Personal information
- Born: June 13, 1939 (age 87) Los Angeles, California, U.S.
- Education: UCLA
- Occupation: Volleyball coach
- Spouse: Sue Scates

Medal record
Men's volleyball
Representing the United States
Pan American Games
| Gold medal – first place | 1967 Winnipeg | Team |

= Al Scates =

American volleyball player and coach (born 1939)

Allen Edward Scates (born June 13, 1939) is an American former volleyball player and coach who was head coach of the UCLA Bruins for 48 years. Scates is the winningest volleyball coach in the history of the NCAA, and the 19 NCAA titles the Bruins won during his tenure ties him for the most NCAA titles won by a coach in a single sport with Arkansas' John McDonnell (Indoor Track and Field). Scates' teams won collegiate volleyball championships in five different decades. In addition to coaching, Scates was a physical education instructor at Horace Mann and Hawthorne, two of the elementary schools in the Beverly Hills Unified School District.

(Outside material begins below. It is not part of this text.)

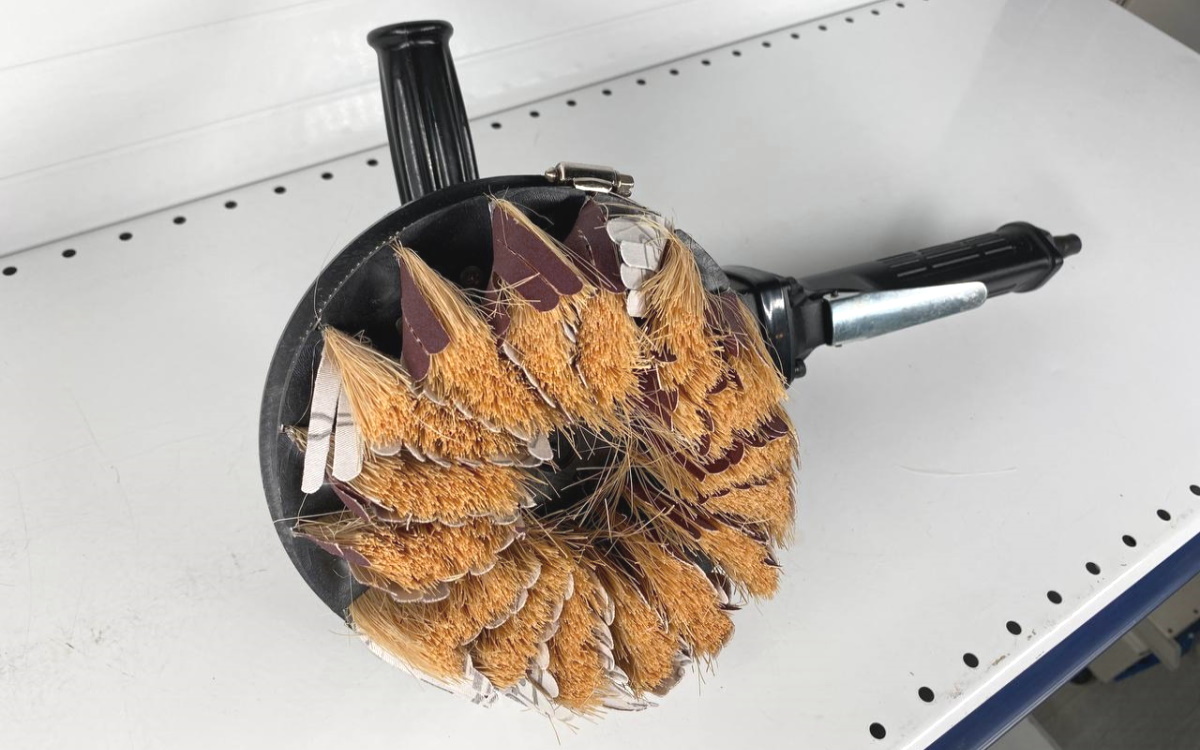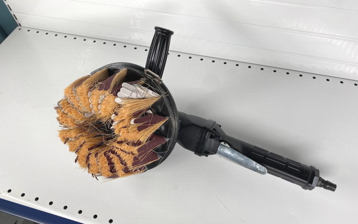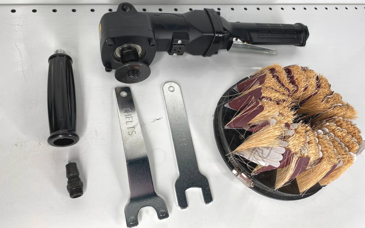 Укомплектовано шлифовальными щетками и абразивными лепестками.

==Early life and athletic career==
Scates grew up in Santa Monica in Los Angeles and attended Westchester High School. At 6 ft 2, he was tall and athletic, and played both basketball and football in high school. When he graduated he went to Santa Monica College, majoring in physical education with the goal of coaching football at the high school level. He played football at Santa Monica College, and was an undersized center on the school's basketball team.

Scates' interest in volleyball began when his college football coach required his players to try out for a volleyball team to stay in shape during the off season. Scates did not make the team roster, but a teammate of his on the basketball team not only made the team, but was the best player on the floor. “So I asked him where he learned to play,” Scates said. “He told me State Beach in Santa Monica. So I decided to learn how to play.” Scates was soon a regular at State Beach.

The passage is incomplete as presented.